===== Supplied records =====

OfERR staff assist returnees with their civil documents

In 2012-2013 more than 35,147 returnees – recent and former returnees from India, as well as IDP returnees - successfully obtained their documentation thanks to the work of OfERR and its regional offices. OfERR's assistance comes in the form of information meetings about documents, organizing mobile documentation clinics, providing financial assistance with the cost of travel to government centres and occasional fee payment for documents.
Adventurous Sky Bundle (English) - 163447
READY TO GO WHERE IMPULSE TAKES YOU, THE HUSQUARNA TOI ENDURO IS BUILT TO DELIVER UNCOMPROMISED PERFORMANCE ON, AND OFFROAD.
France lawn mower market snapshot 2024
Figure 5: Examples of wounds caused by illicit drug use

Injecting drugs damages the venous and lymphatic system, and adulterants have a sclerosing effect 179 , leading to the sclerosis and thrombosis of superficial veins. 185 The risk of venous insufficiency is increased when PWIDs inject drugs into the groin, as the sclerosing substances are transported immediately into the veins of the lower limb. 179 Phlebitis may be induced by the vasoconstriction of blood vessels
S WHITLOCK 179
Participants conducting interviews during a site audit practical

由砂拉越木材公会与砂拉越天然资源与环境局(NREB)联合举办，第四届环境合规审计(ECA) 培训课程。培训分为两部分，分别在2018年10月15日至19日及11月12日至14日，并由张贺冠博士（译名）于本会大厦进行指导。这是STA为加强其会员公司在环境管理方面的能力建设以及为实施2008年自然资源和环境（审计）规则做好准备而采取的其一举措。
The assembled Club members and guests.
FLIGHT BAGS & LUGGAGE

=====

Goal of the exercise:
Exactly as they appear above, set down all of the records once more.

Reply:
OfERR staff assist returnees with their civil documents

In 2012-2013 more than 35,147 returnees – recent and former returnees from India, as well as IDP returnees - successfully obtained their documentation thanks to the work of OfERR and its regional offices. OfERR's assistance comes in the form of information meetings about documents, organizing mobile documentation clinics, providing financial assistance with the cost of travel to government centres and occasional fee payment for documents.
Adventurous Sky Bundle (English) - 163447
READY TO GO WHERE IMPULSE TAKES YOU, THE HUSQUARNA TOI ENDURO IS BUILT TO DELIVER UNCOMPROMISED PERFORMANCE ON, AND OFFROAD.
France lawn mower market snapshot 2024
Figure 5: Examples of wounds caused by illicit drug use

Injecting drugs damages the venous and lymphatic system, and adulterants have a sclerosing effect 179 , leading to the sclerosis and thrombosis of superficial veins. 185 The risk of venous insufficiency is increased when PWIDs inject drugs into the groin, as the sclerosing substances are transported immediately into the veins of the lower limb. 179 Phlebitis may be induced by the vasoconstriction of blood vessels
S WHITLOCK 179
Participants conducting interviews during a site audit practical

由砂拉越木材公会与砂拉越天然资源与环境局(NREB)联合举办，第四届环境合规审计(ECA) 培训课程。培训分为两部分，分别在2018年10月15日至19日及11月12日至14日，并由张贺冠博士（译名）于本会大厦进行指导。这是STA为加强其会员公司在环境管理方面的能力建设以及为实施2008年自然资源和环境（审计）规则做好准备而采取的其一举措。
The assembled Club members and guests.
FLIGHT BAGS & LUGGAGE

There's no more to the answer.